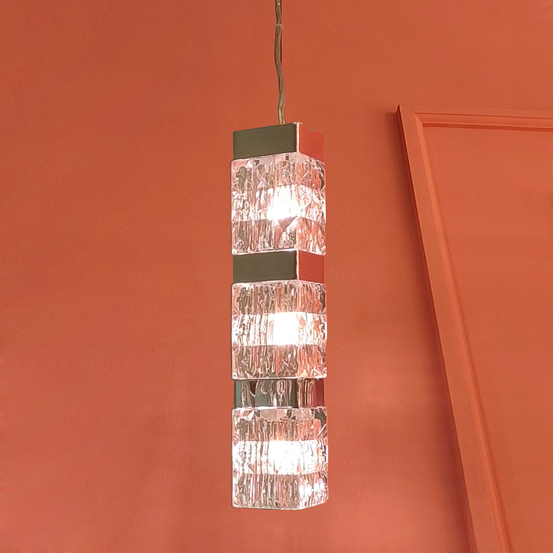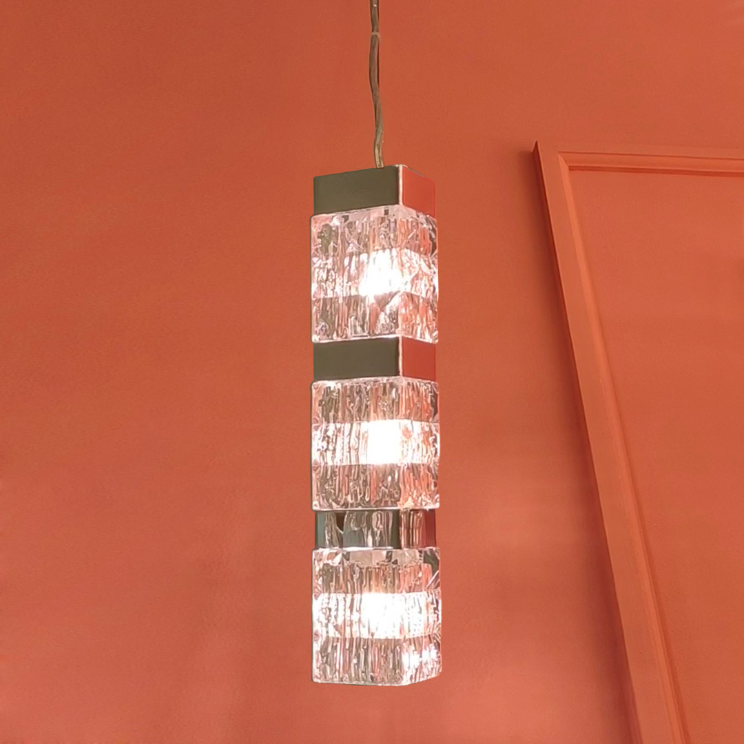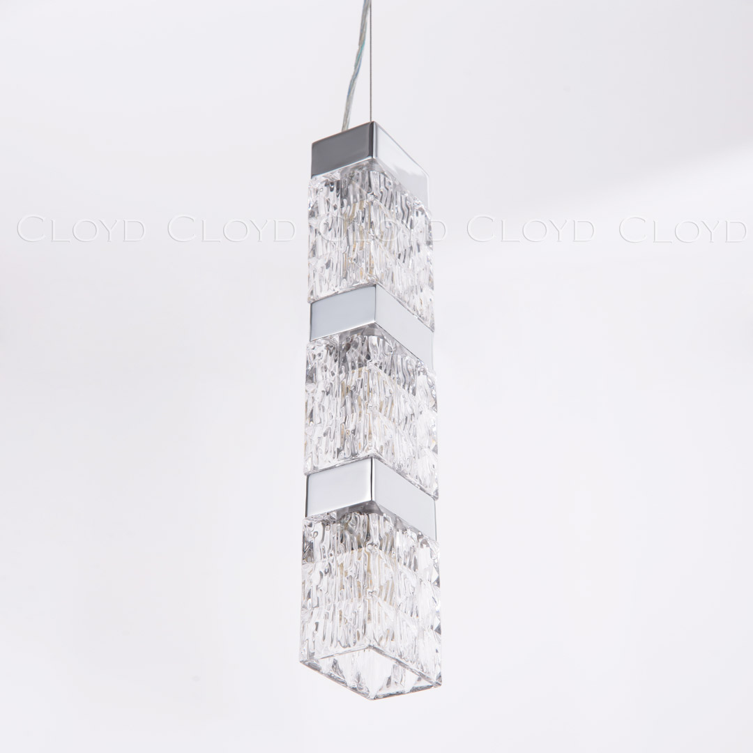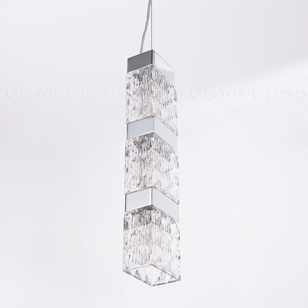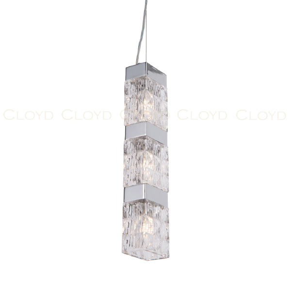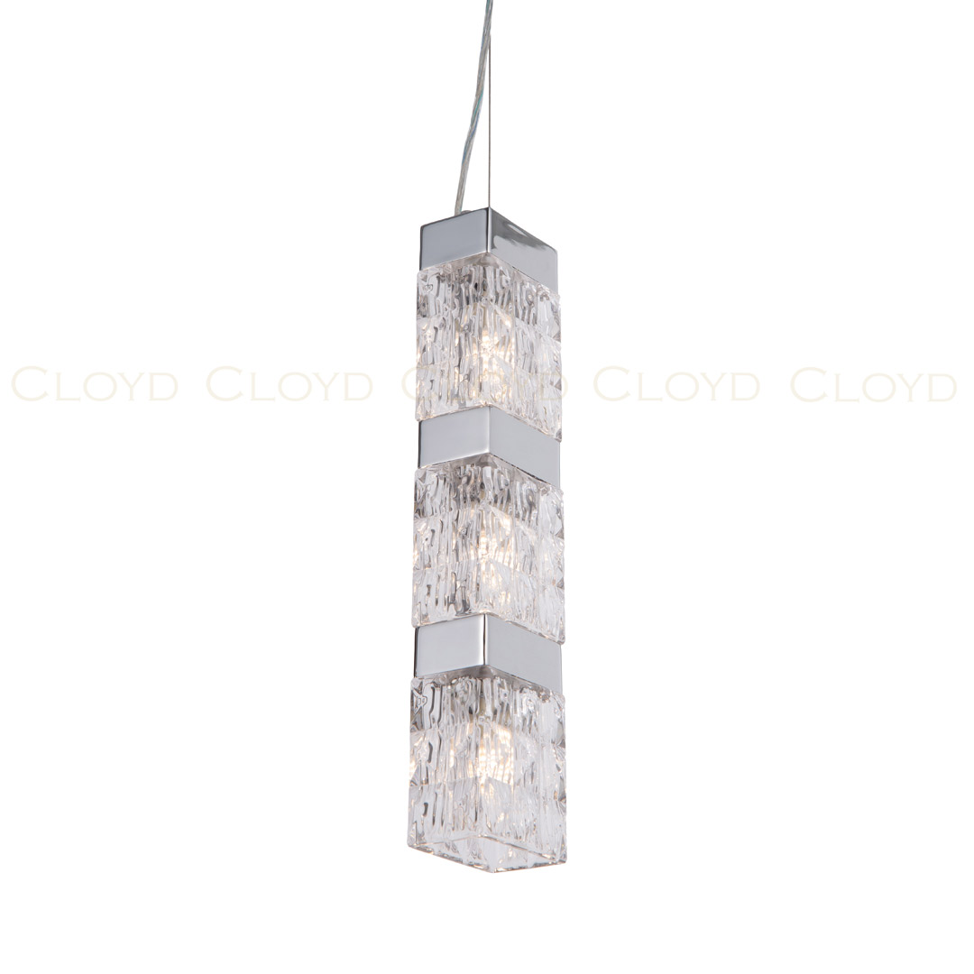 Подвесной светильник Cloyd CORUND (Клойд Корунд) P3 / арт.10713, ширина: 8 см. длина: 11 см. высота: 45 см, источник света: G9 (LED ≈ 5 Вт) х 3 шт, цвет металла - хром блестящий.
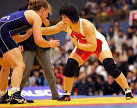世界にその強さをとどろかせている日本の女子レスリングだが、最近、ただ1階級世界一が生まれていないのが67kg級だ。階級区分が変わった2002年からのみならず、最重量級の次の階級として考えると、金メダルは1993年70kg級の浦野弥生以来見離されている。今年、その階級に挑むのが、昨年の世界ジュニア・チャンピオンの井上佳子(中京女大=左写真)だ。
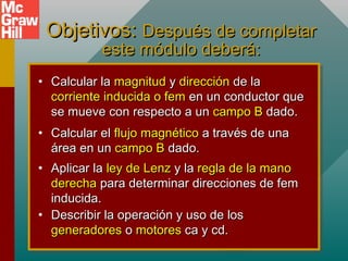 Este documento presenta una lección sobre inducción electromagnética. Explica que cuando un conductor se mueve a través de un campo magnético, se induce una corriente eléctrica. Describe cómo calcular la magnitud y dirección de la corriente inducida y el flujo magnético a través de un área. También cubre la ley de Faraday, la ley de Lenz, y cómo aplicar estas leyes para determinar la dirección de la corriente inducida en diferentes situaciones.

========

Directions for this task
Leaving every picture aside, repeat the listing exactly.

Solution
 Подвесной светильник Cloyd CORUND (Клойд Корунд) P3 / арт.10713, ширина: 8 см. длина: 11 см. высота: 45 см, источник света: G9 (LED ≈ 5 Вт) х 3 шт, цвет металла - хром блестящий.
世界にその強さをとどろかせている日本の女子レスリングだが、最近、ただ1階級世界一が生まれていないのが67kg級だ。階級区分が変わった2002年からのみならず、最重量級の次の階級として考えると、金メダルは1993年70kg級の浦野弥生以来見離されている。今年、その階級に挑むのが、昨年の世界ジュニア・チャンピオンの井上佳子(中京女大=左写真)だ。
 Este documento presenta una lección sobre inducción electromagnética. Explica que cuando un conductor se mueve a través de un campo magnético, se induce una corriente eléctrica. Describe cómo calcular la magnitud y dirección de la corriente inducida y el flujo magnético a través de un área. También cubre la ley de Faraday, la ley de Lenz, y cómo aplicar estas leyes para determinar la dirección de la corriente inducida en diferentes situaciones.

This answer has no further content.